Nette Menschen

Ich höre oft Russisch. In der Stadt von 50.000 Einwohnern, in der ich arbeite, leben zweitausend Russen. In der Fußgängerzone und den Parks gehört das Russische zum normalen Klangbild.

Ich stelle mir vor, wir würden Krieg miteinander führen, also natürlich nicht der freundliche Russe im Café am Nachbartisch und ich, sondern unsere Länder. Denn warum sollten wir beide uns bekriegen? Juri, ein Familienmensch, der sein quengelndes Kind aus dem Wagen nimmt und es sich auf den Schoß setzt. Beide sind wir sicher ziemlich nette Kerle und könnten bei gegebener Gelegenheit vielleicht sogar ziemlich beste Freunde werden.

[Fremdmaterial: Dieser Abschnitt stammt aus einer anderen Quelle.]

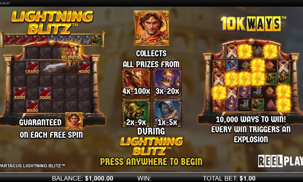 The new Spartacus Lightning Blitz slot from ReelPlay offers a bloody and brutal gladiatorial experience. Brave warriors take to the arena for the amusement of the public to fight their way to freedom and glory.
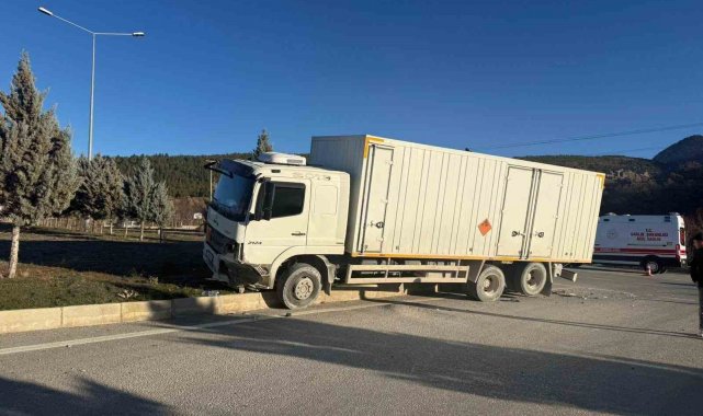 Burdur'un Altınyayla ilçesinde otomobil ile kamyonun kavşakta çarpışması sonucu meydana gelen trafik kazasında 1 kişi yaralandı. Kaza anı araç kamerasına saniye saniye yansıdı.
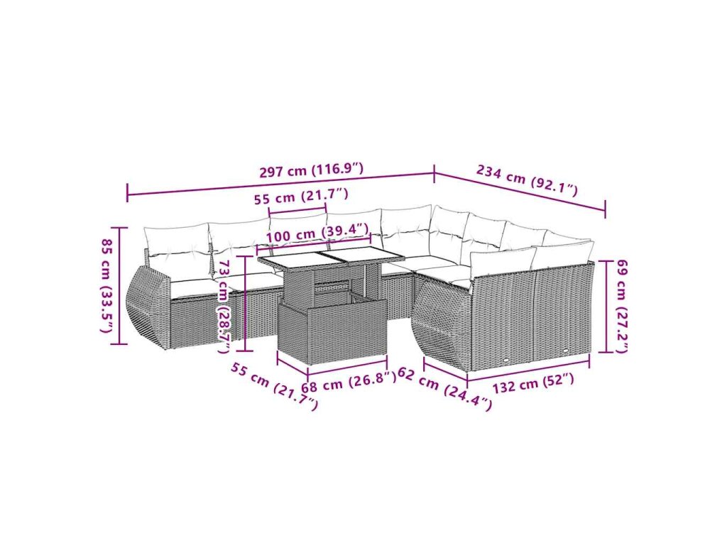 vidaXL 10-dielna záhradná sedacia súprava a vankúše béžová polyratan

Sein Geld hat Juri in der IT-Branche gemacht. Die von seiner Firma entwickelte Software steckt maßgeblich in den neuen Überschallwaffen, die von der russischen Armee auf Ziele in der Ukraine gelenkt wurden.

Meine Frau arbeitet für ein Logistikunternehmen, das die Fliegerhorste der deutschen Luftwaffe versorgt, u.a. jenen, wo die letzten Atomwaffen in der BRD stationiert sind, die im „V-Fall“ (Verteidigungsfall) von deutschen Tornados im Auftrag der NATO abgeworfen werden.

Im Fall der Fälle würden der nette Juri vom Nachbartisch und ich dann indirekt doch aufeinander schießen – auch wenn wir uns noch vor ein paar Tagen angeregt und ziemlich einvernehmlich über Lust und Last der Kindererziehung unterhalten haben.

Juri, der nicht Juri heißt, verdient sein Geld wie meine Frau anderswo. Aber das Gedankenspiel führt doch überdeutlich die Absurdität des Krieges vor Augen. Und, dass es leider nicht reicht, ein netter Mensch zu sein.